El 94% de los estudiantes sobresalen en el programa de lectura de secundaria en Filipinas

el 8 de abril de 2024

Rise Against Hunger está trabajando para aliviar el hambre en Filipinas, donde casi el 45% de la población enfrenta inseguridad alimentaria, con socios en el país y miembros de la red global. Rise Against Hunger Filipinas. 
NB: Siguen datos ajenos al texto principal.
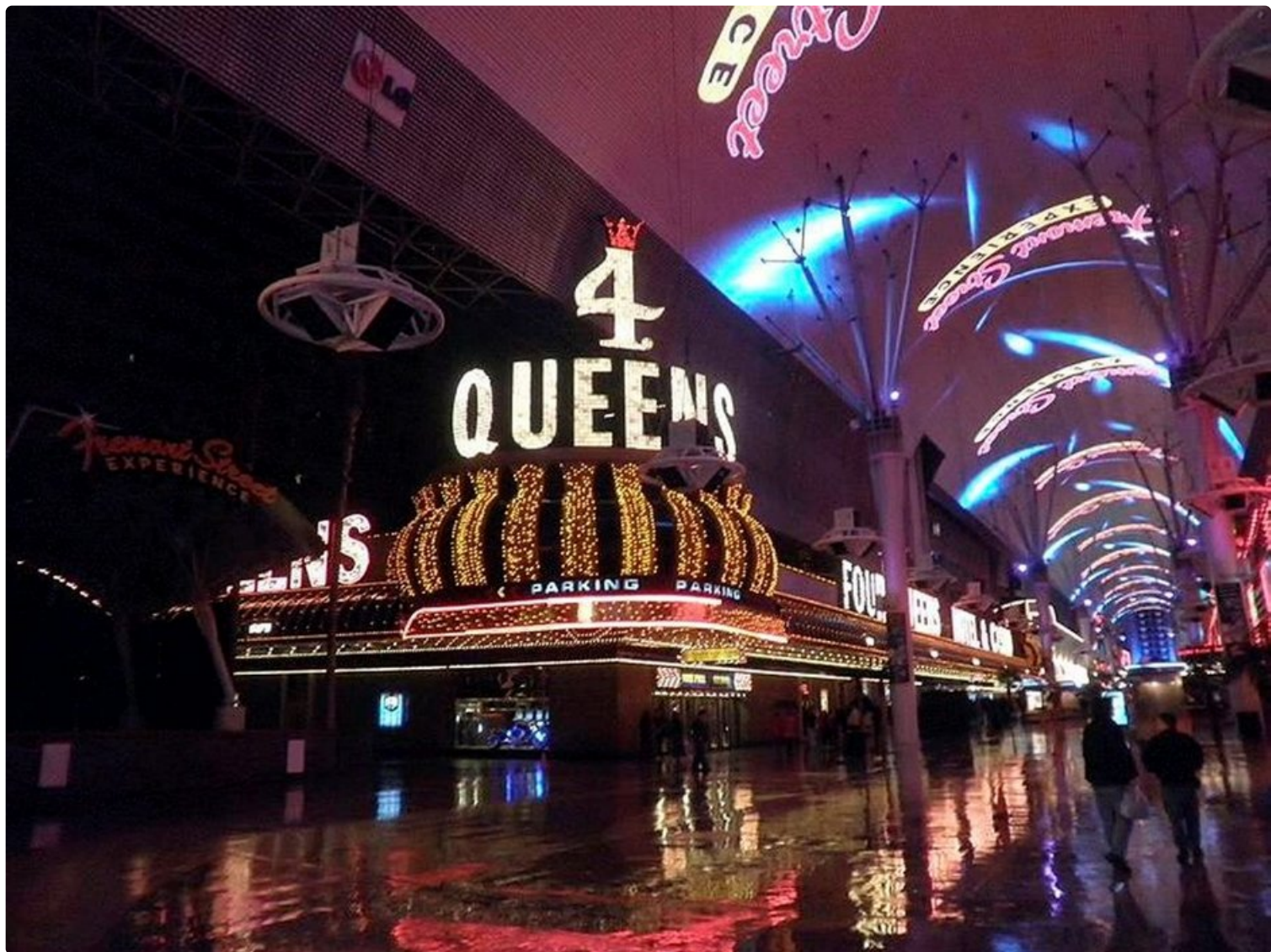
Kasino 4 Kuningatarta Las Vegasissa.

Una de las maneras en que abordamos la inseguridad alimentaria es mediante la alimentación escolar. En la ciudad de Legazpi, Filipinas, el programa de alimentación de la Escuela Secundaria Oro Site no solo apoya la nutrición de los estudiantes, sino que también utiliza las comidas para implementar programas educativos que mejoran el rendimiento académico. Mire el vídeo a continuación para escuchar más ¡Y sigue leyendo para descubrir cómo las comidas están teniendo un impacto real en la vida de estos niños!

Los más de 500 estudiantes de séptimo grado de la Escuela Preparatoria Oro Site reciben comidas nutritivas a diario. Estas comidas son proporcionadas por Rise Against Hunger (después de ser ¡Empaquetado por voluntarios como tú!) y distribuido a la escuela por nuestro socio local Convoy of Hope. 
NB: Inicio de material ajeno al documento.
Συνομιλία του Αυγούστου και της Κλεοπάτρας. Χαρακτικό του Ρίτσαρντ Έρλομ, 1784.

El programa de alimentación escolar es verdaderamente un esfuerzo comunitario. 21 voluntarios ayudan a cocinar las comidas, y Oro Site High School se asocia con otras organizaciones locales, además de Convoy of Hope, para financiar los ingredientes que se agregan a las comidas para un mayor enriquecimiento. 

Dado que muchos de los estudiantes de Oro Site enfrentan desafíos económicos, el programa de alimentación proporciona una nutrición fundamental para estos niños, y el director de la escuela, Jolan Torres, ha visto el impacto de las comidas. 

Jolan Torres, director de la escuela 

Jolan explica cómo funciona el programa de alimentación: “Esta es una actividad pionera aquí en Oro Site High School, que ofrecemos un programa de alimentación para los estudiantes de secundaria, para los estudiantes de séptimo grado”. 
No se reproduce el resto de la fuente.